Growing fears about curtailing the Fed stimulus program amid a strong economic recovery and rising inflation are increasingly making investors doubt the sustainability of the bullish trend in US stock indices and the bearish trend in the dollar.

Therefore, market participants will closely monitor the Fed meeting in order to catch from its side any hints of changes in the parameters of the current monetary policy.

As the Fed officials have repeatedly stated earlier, the growing inflationary pressure, according to their calculations, will be temporary. They admit that the inflation rate in the US will exceed the Fed's target of 2% for some time, although they have not yet precisely determined the duration of this period and the level of excess. But the level of interest rates of the FRS, as the leaders of the FRS promised earlier, they will keep unchanged until the end of 2023.

Earlier, Fed Chairman Jerome Powell said that before the central bank starts raising interest rates, it will first begin to reduce the volume of purchases of government bonds, and even then, as Powell promises, market participants will be notified in advance.

Recall that the Fed has kept the key rate at 0.25% since March 2020, monthly purchasing government bonds and mortgage bonds worth at least $ 120 billion since June 2020.

In an official statement following the April 27-28 meeting, Fed officials said the economy must "show further significant progress" towards the targets set by the regulator before they consider cutting back on asset purchases.

Nevertheless, unexpected statements are not ruled out on the part of the FRS. Last week, the president of the Federal Reserve Bank of Philadelphia and one of the Fed's leaders, Patrick Harker, said that he is preparing to think about scaling back monetary stimulus measures as the US economy continues to recover from the recession caused by the pandemic. “We plan to keep rates low for a long time, but maybe it's time to at least think about reducing the volume of purchases of government and mortgage bonds”, he said.

Lael Brainard, one of the central bank's governors, also said earlier this month that the previous approach to monetary policy should be maintained in the coming months, but that the Fed should be ready to make changes to its policy, if necessary, "while still closely monitoring changes in (economic data) and remaining ready to change (policy) if necessary".

Several other Fed officials have also said in the past few weeks that they would like to start discussions on a plan to phase out asset purchases.

Therefore, if such signals follow from the FRS, it will lead to the closure of a significant part of the short positions in the dollar and to its strengthening, and a downward correction may begin in the American stock market.

The tougher the statements of the FRS leaders following the meeting on June 16, the stronger the dollar will strengthen, and the deeper the correction in the stock market will be.
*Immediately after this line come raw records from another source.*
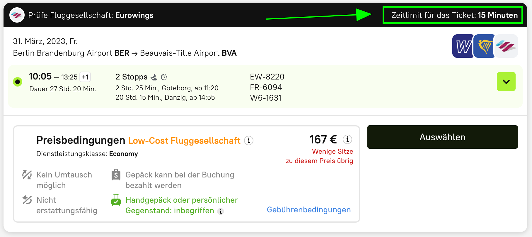 Eine Buchung gilt als storniert, wenn für sie kein Ticket ausgestellt wurde. Um eine solche Situation zu vermeiden, achten Sie auf die Einhaltung der Frist (Zeitraum, in dem Sie Ihr Ticket ausstellen lassen können). Sie können sie in der oberen rechten Ecke der Reiseroutenoptionen nachschlagen.
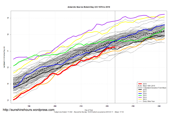 Sea Ice Extent (Global Antarctic and Arctic) – Day 223 – 2019
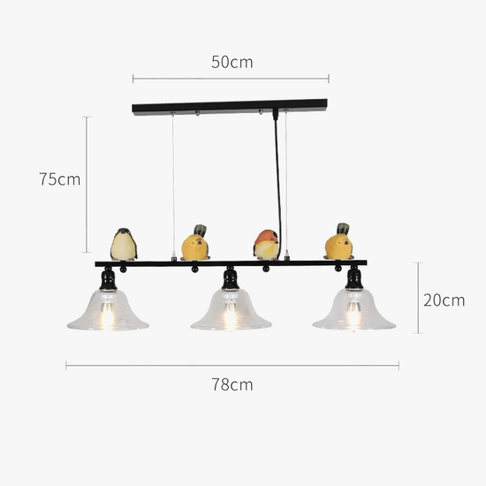 Conçu avec des matériaux de qualité supérieure, notre lustre combine du fer durable, du verre élégant et de la résine délicatement travaillée, symbolisée par les oiseaux esthétiques qui ornent la structure. Offrant une atmosphère apaisante et inspirante, ce lustre est parfait pour les amateurs de décoration à la recherche d'une pièce à la fois sophistiquée et chaleureuse.
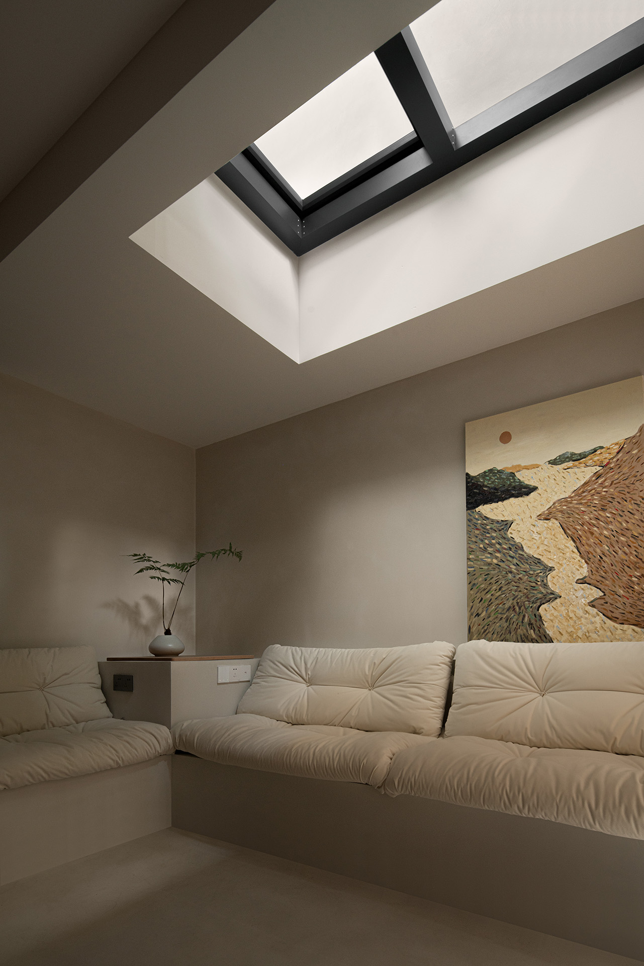光斑在天窗周围的墙面流动,潋滟闪烁,整个建筑自内而外散发着光辉。在「时间」和「空间」维度上的自由感,来自超大的空间尺度。室内低调、谦逊又气氛轻松,完全以居家的舒适感作为考量,放弃形式上的惊人之举。室内的氛围与室外自然环境形成反差,自然光线与室内光线交织共存,饰面上新与旧的衔接,共存。
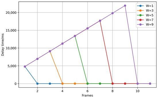 The delay time for different W values is analyzed in Figure 6. The results show that a larger W increases the initial delay, as more frames are needed to establish a stable prediction. However, once enough frames have been processed, the delay stabilizes since the time required to determine the most frequent feature remains nearly constant. Additionally, W influences the smoothness of feature transitions. When a feature change occurs, a larger W extends the transition period, requiring more frames and leading to a longer adjustment time.
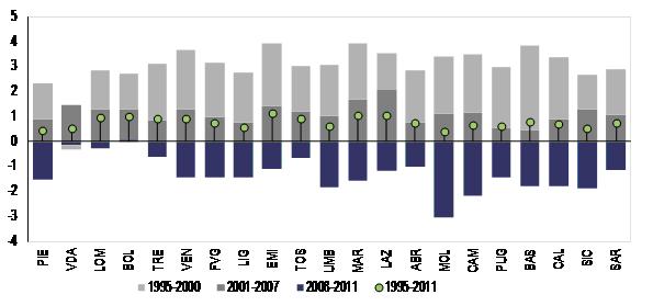 Tra il 2007 e il 2011, a causa degli effetti della crisi economica, il Pil in volume è diminuito in tutte le aree del Paese. Per il Centro-Nord, la riduzione media annua è stata di circa l’1%, mentre più marcata appare la contrazione nel Mezzogiorno (-1,7%), dove i risultati peggiori riguardano Molise (-3,0%) e Campania (-2,2%). Nel Nord è il Piemonte ad avere la performance più negativa (-1,5%). Nel Lazio il Pil è calato dell’1,2% nel periodo considerato.
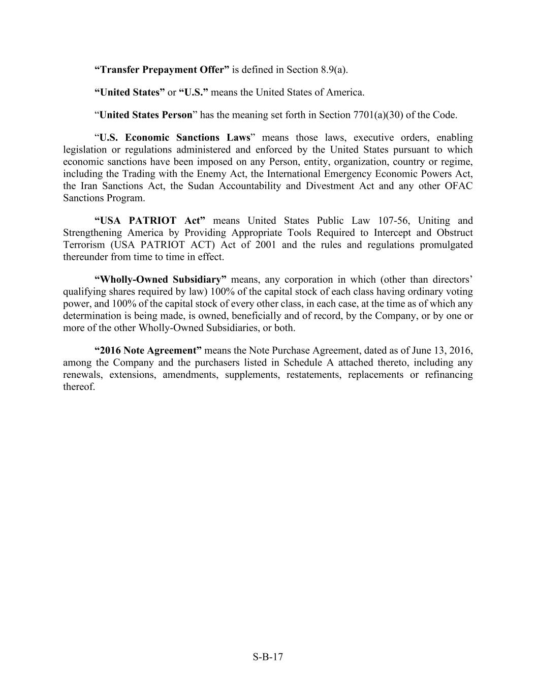 S-B-17 “Transfer Prepayment Offer” is defined in Section 8.9(a). “United States” or “U.S.” means the United States of America. “United States Person” has the meaning set forth in Section 7701(a)(30) of the Code. “U.S. Economic Sanctions Laws” means those laws, executive orders, enabling legislation or regulations administered and enforced by the United States pursuant to which economic sanctions have been imposed on any Person, entity, organization, country or regime, including the Trading with the Enemy Act, the International Emergency Economic Powers Act, the Iran Sanctions Act, the Sudan Accountability and Divestment Act and any other OFAC Sanctions Program. “USA PATRIOT Act” means United States Public Law 107-56, Uniting and Strengthening America by Providing Appropriate Tools Required to Intercept and Obstruct Terrorism (USA PATRIOT ACT) Act of 2001 and the rules and regulations promulgated thereunder from time to time in effect. “Wholly-Owned Subsidiary” means, any corporation in which (other than directors’ qualifying shares required by law) 100% of the capital stock of each class having ordinary voting power, and 100% of the capital stock of every other class, in each case, at the time as of which any determination is being made, is owned, beneficially and of record, by the Company, or by one or more of the other Wholly-Owned Subsidiaries, or both. “2016 Note Agreement” means the Note Purchase Agreement, dated as of June 13, 2016, among the Company and the purchasers listed in Schedule A attached thereto, including any renewals, extensions, amendments, supplements, restatements, replacements or refinancing thereof.
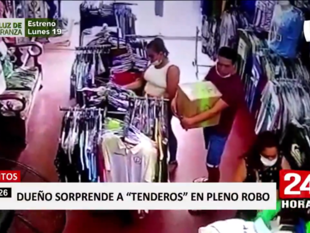 Cámaras de seguridad captaron el momento en que delincuentes sustraían mercadería de tienda y fueron descubiertos.
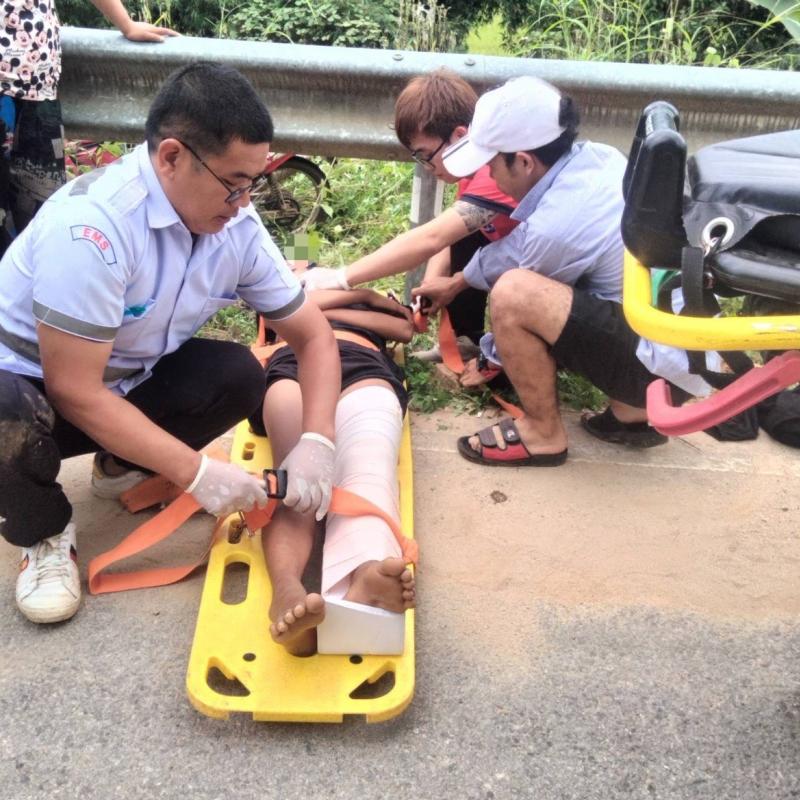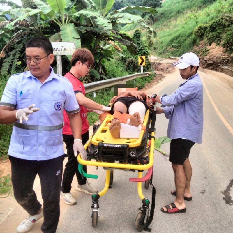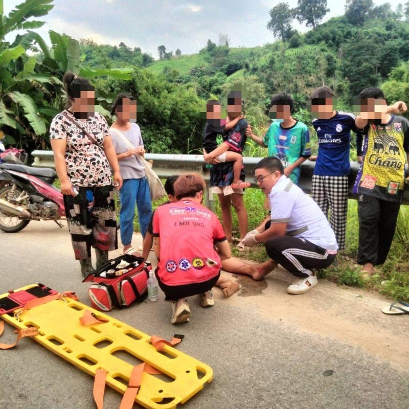 ทีมงานกู้ชีพ (EMS) ออกช่วยเหลืออุบัติเหตุรถจักรยานต์ล้มเอง ที่บ้านนาโต่ หมู่ที่ 20

Still, it seems most likely that Powell will try to calm the markets again, repeating his previous statements about the need to adhere to the current parameters of stimulating policy.

Strong data released last Friday showed that the total number of jobs in the United States in May was still below pre-coronavirus levels by about 7.6 million, and 9.3 million potentially willing to work Americans remained unemployed. At the same time, the share of the economically active population working or looking for work even slightly decreased in May, to 61.6% against 63.3% in February 2020.

For the Fed leadership, more important than rising inflation is the full recovery of the labor market.

The second half of this week also promises to be interesting and volatile. On Wednesday (at 14:00 GMT) the decision on the rate will be published by the Bank of Canada, and on Thursday (at 11:45 GMT) - by the ECB.